Lyconadin A & B
Smith and Beshore. JACS, 2007, ASAP. DOI: 10.1021/ja070336+
A deceptively simple looking structure, lyconadin A and the related lyconadin B were the targets of this paper by Amos Smith. The biological profile was somewhat simple, showing moderate cytotoxicity against epidermoid carcinoma KB cells, but the pentacyclic structure is reason enough to interest us, right?
The retosynthesis might not be too revealing, so I guess it’s time to look at the forward – and surprise (!!!) – it’s the cyclisations that I found most interesting. The initial cyclisation precursor was produced from two fragments, coupling by deprotonation of a hydrazone and addition of an alkylhalide. Anyway, the cyclisation goes via the planned aldol (acid mediated, as base led to majority polymerisation), but proceeded further still, performing a conjugate addition to provide the seven member ring.

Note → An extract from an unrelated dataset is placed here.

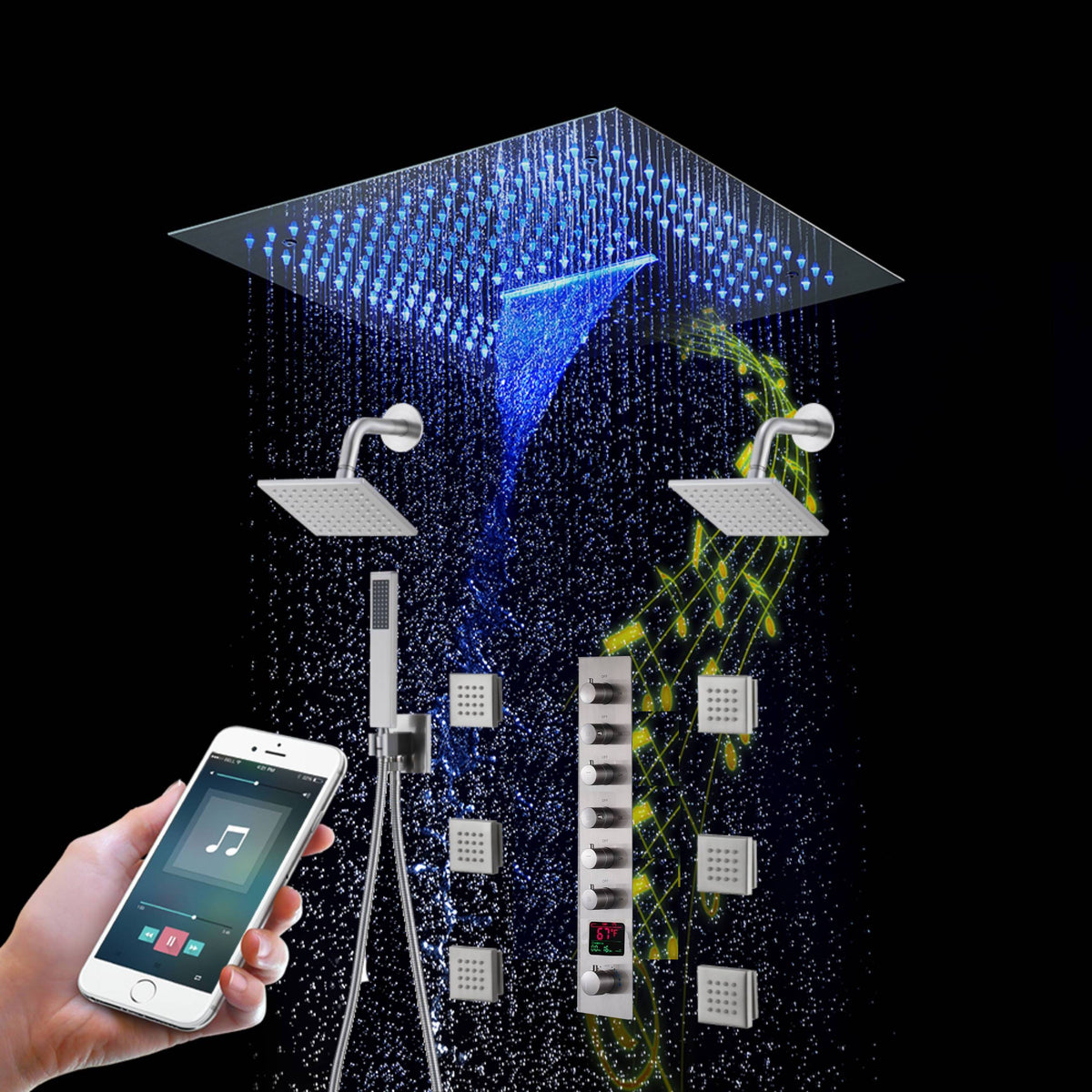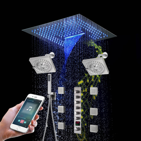 16" Brushed Nickel Flush Mount Shower System: 6-Way Thermostatic Valve, Dual Heads, 6 Body Jets

Getting this product in only one step impressed the group as well as me, thought the were disappointed to learn that the protonation of the enol had occurred on the undesired face, and thus the C-12 centre required epimerisation. The method they used for this was really smart – they removed the Cbz protecting group, allowing it form the hemiaminal under acidic conditions. Reduction of this with borohydride then gave overall epimerisation and the desired product.
The same N-C bond was reformed shortly afterwards, after elimination of the hydroxyl resulting from reduction of the ketone and (a particularly nice) aminoiodation. With a few further functional group manipulations, they were able to perform a Michael addition of propiolamide to provide the final cyclisation material. Then, in one pot, they performed a decarboxylation, olefin isomerisation, and cyclocondensation – amazing! However, it should be noted that for lyconadin B (which required prior reduction of the olefin in the cyclisation material), those conditions were deemed less suitable, and they used LiCl instead (more like a Krapcho? is the TMAA is mimicking LiCl to decarboxylate?). Still, a damn fine synthesis, if a little steppy (27 steps).